PROBLEM: Exactly and only the lines from the first entry through the line with "Figure 1: A" should be copied, both ends included, with no pictures.

MATERIAL FOR THIS EXERCISE:
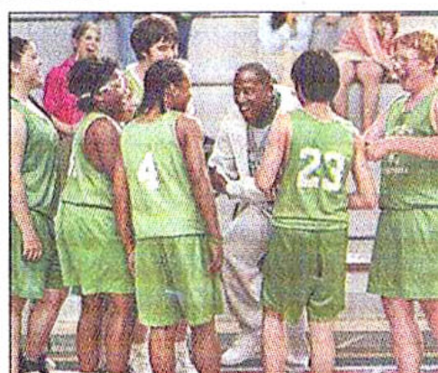
Rebound On Star Movies at 7:00pm Genre: Comedy Cast: Martin Lawrence, Wendy Raquel Robinson

All programmes are in local time. The Daily Star will not be responsible for any change in the programme.
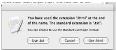
FIGURE THREE: If you are alerted, choose the Use .html option .
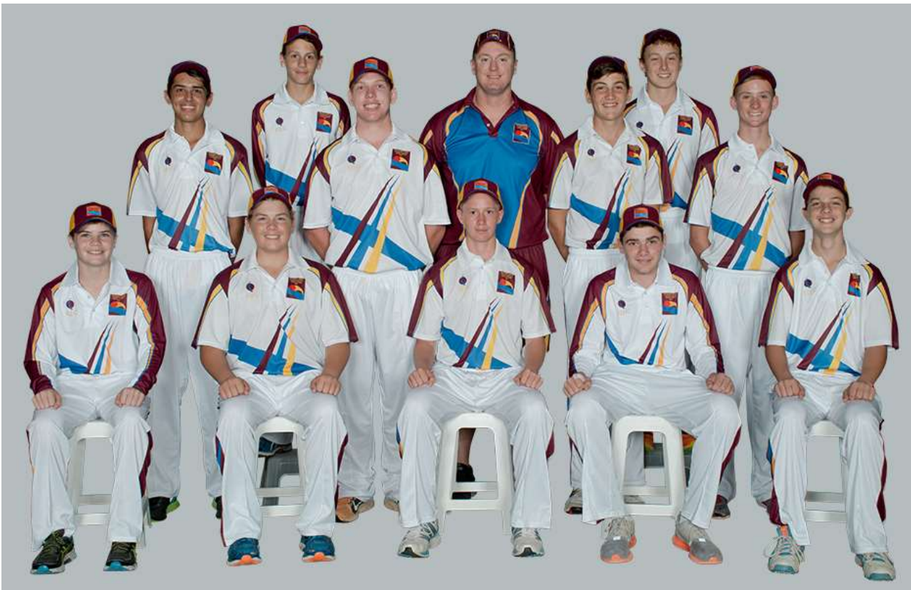
U15/16 Impact Challenge team
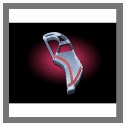
Footwear Clicking Die
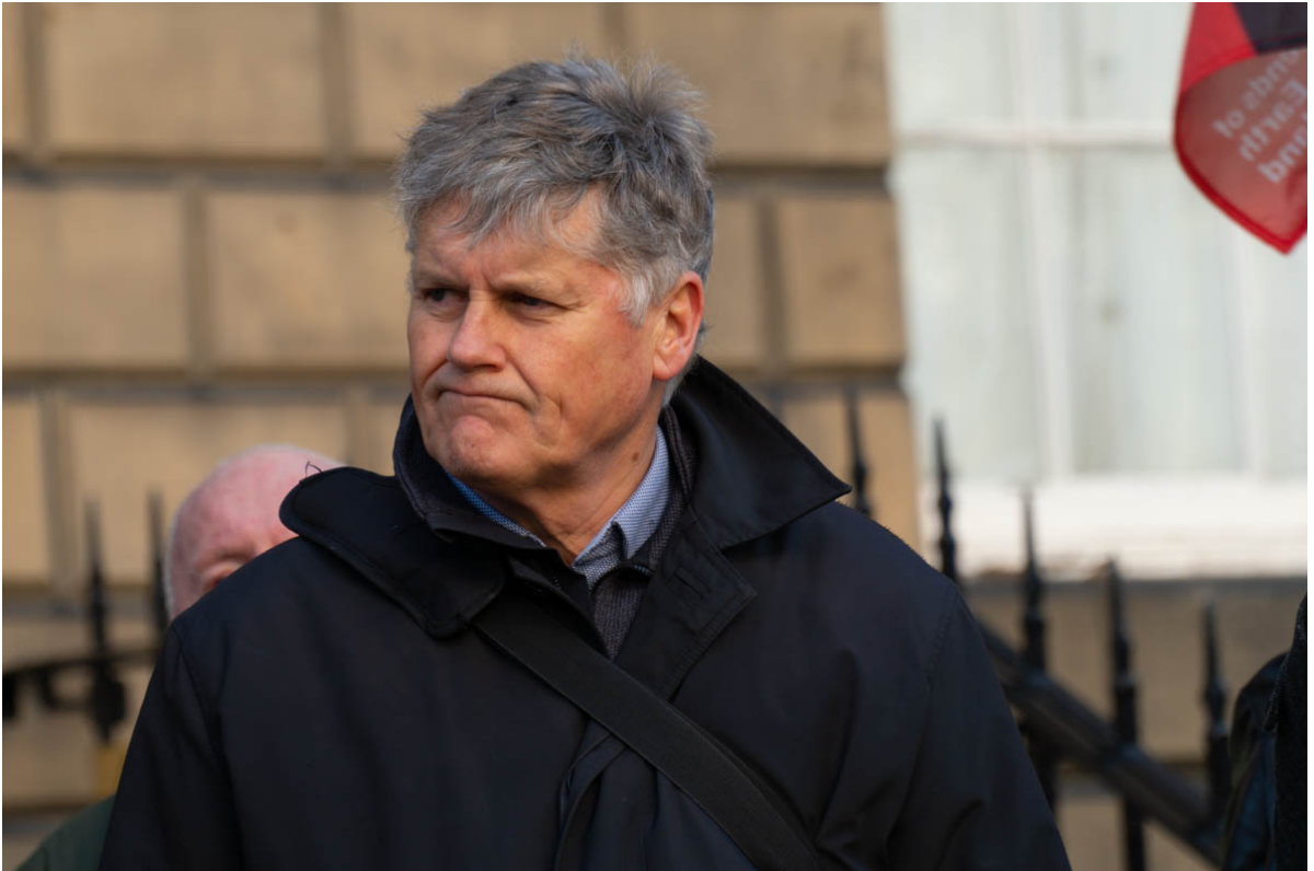
RMT Union protest about lack of action since COP26 by parading from Waverley to Bute House
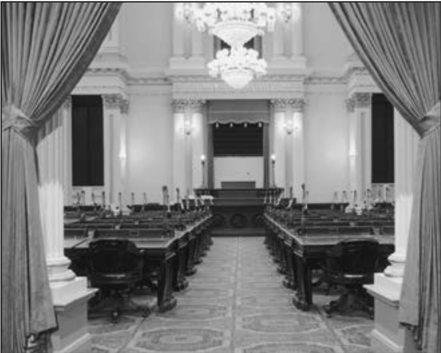
The California Assembly Chamber
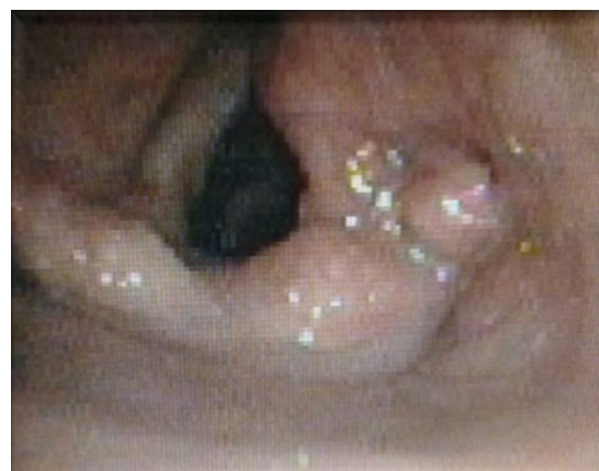
Fig. 4: Post treatment image
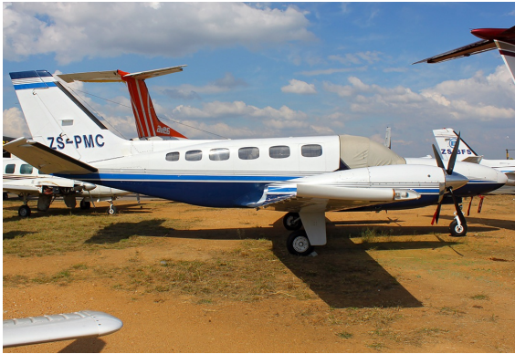
Cessna 441 Conquest II Cockpit Cover

This cover type is made from Silver Acrylic Sunbrella canvas and is 100% lined with a soft and smooth microfiber. Bruce's Custom Covers developed this material combination especially for aircraft protection. The outer material is medium weight and treated for water resistance, UV resistance and anti-static buildup. The inner lining is a very soft and smooth microfiber to prevent scratching. The material is very reflective, and tests show that the cabin interior temperature can be reduced to near-ambient temperature on the hottest of days. It is water, ice and snow repellent, yet breathable to allow moisture to escape from between the cover and the aircraft surface.
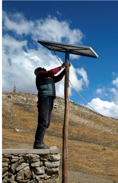
Figure 1: A photovoltaic panel being set up in rural Peru for domestic solar lighting.

Most of the world's developing countries are within the tropics and hence have ample solar insolation (the total energy per unit area received from the sun). The tropical regions also benefit from having only a small seasonal variation of solar insolation, even during the rainy season, which means that, unlike northern industrial countries, solar energy can be harnessed economically throughout the year.
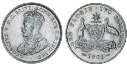
2637* George V, 1921. Cleaned, extremely fine or better.
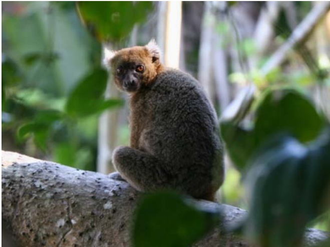
Figure 6. A greater bamboo lemur at the isolated lowland site of Sahavola, December 2011.
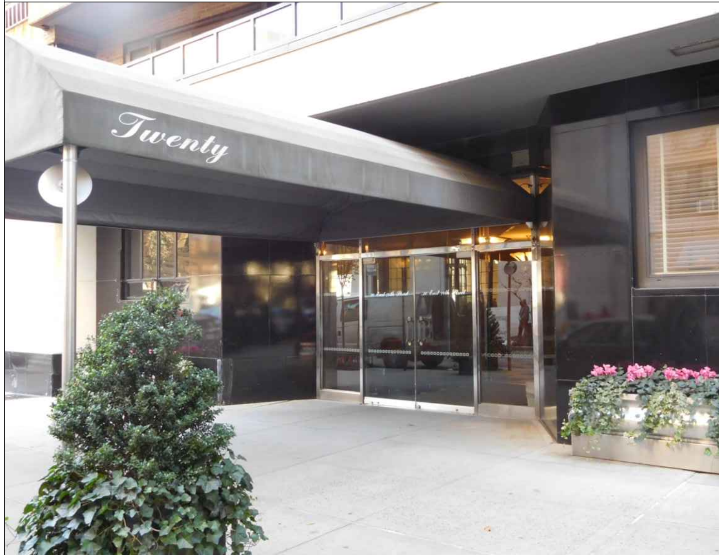
PHOTO OF EXISTING BUILDING STONE CLADDING
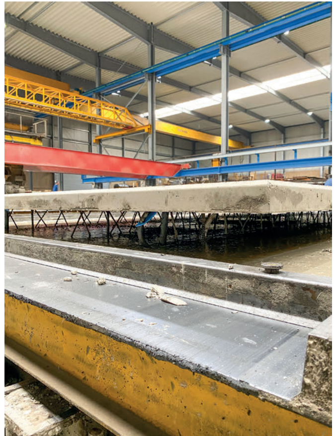
Precast concrete walls and slabs are reinforced with the manufactured lattice girders.

purchased after only a short time. In autumn 2021, a Wire Center for double wall production will be installed for additional reinforcement automation. The Wire Center lays the reinforcement according to CAD specifications, which results in an optimised process that increases production output and dimensional accuracy.
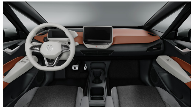
Standard from ID.3 Business
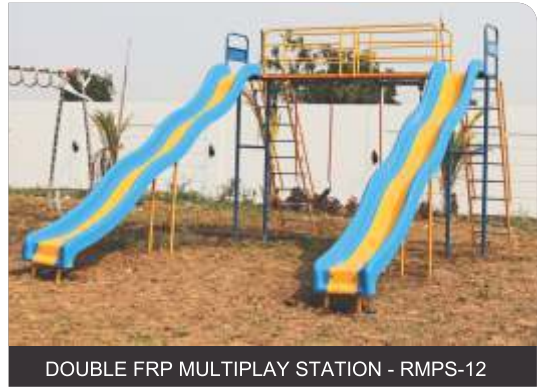
DOUBLE FRP MULTIPLAY STATION - RMPS-12
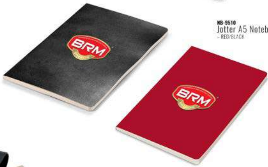
NB-9510 Jotter A5 Notebook - RED/BLACK
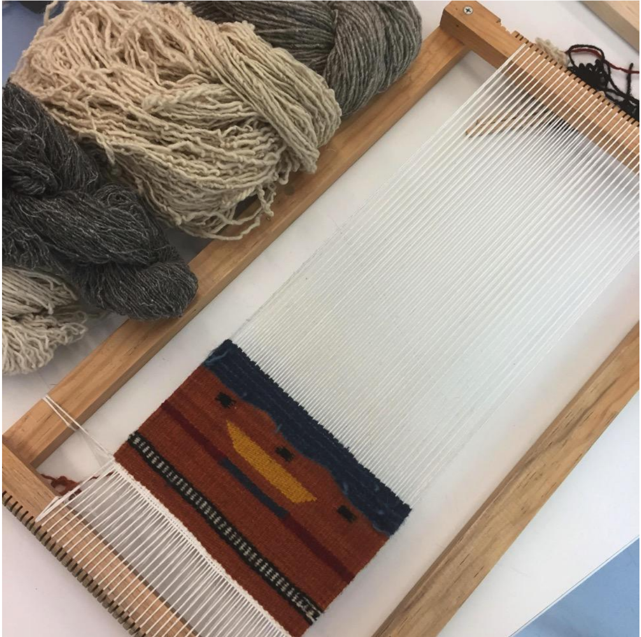
Figure 5. Patterns created by the different techniques taught during the workshop.

session was over, he presented more wool yarn in different hues than the ones that had been used in the duration of the course. The yarn was offered so that participants could create their own designs based on the techniques that they had been taught.
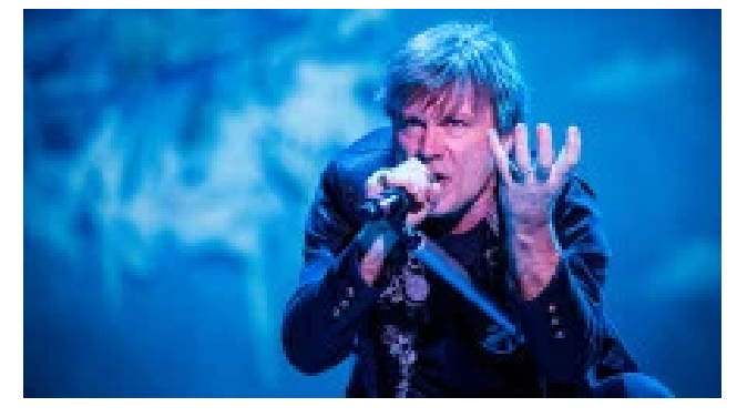
The Iron Maiden Guide To Staying Relevant In Business
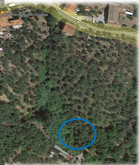
F. 24 P.LLA 242
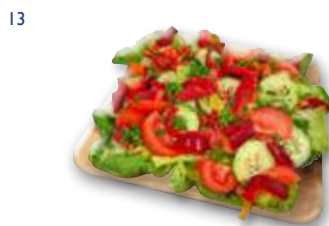
13 GARDEN SALAD V GF
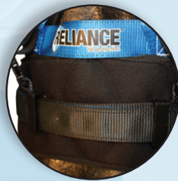
Integrated Back Belt (812000)
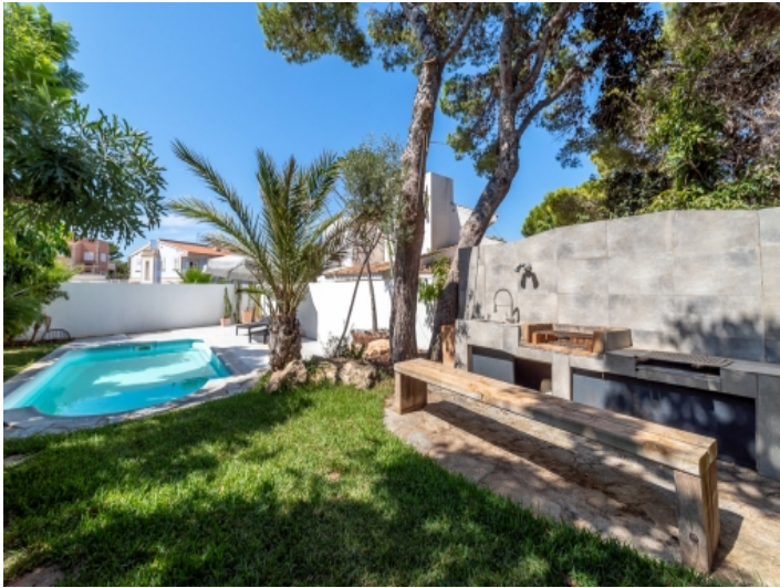
Fantastic outdoor kitchen and pool

OUTPUT FOR THIS EXERCISE:
Rebound On Star Movies at 7:00pm Genre: Comedy Cast: Martin Lawrence, Wendy Raquel Robinson

All programmes are in local time. The Daily Star will not be responsible for any change in the programme.
FIGURE THREE: If you are alerted, choose the Use .html option .
U15/16 Impact Challenge team
Footwear Clicking Die
RMT Union protest about lack of action since COP26 by parading from Waverley to Bute House
The California Assembly Chamber
Fig. 4: Post treatment image
Cessna 441 Conquest II Cockpit Cover

This cover type is made from Silver Acrylic Sunbrella canvas and is 100% lined with a soft and smooth microfiber. Bruce's Custom Covers developed this material combination especially for aircraft protection. The outer material is medium weight and treated for water resistance, UV resistance and anti-static buildup. The inner lining is a very soft and smooth microfiber to prevent scratching. The material is very reflective, and tests show that the cabin interior temperature can be reduced to near-ambient temperature on the hottest of days. It is water, ice and snow repellent, yet breathable to allow moisture to escape from between the cover and the aircraft surface.
Figure 1: A photovoltaic panel being set up in rural Peru for domestic solar lighting.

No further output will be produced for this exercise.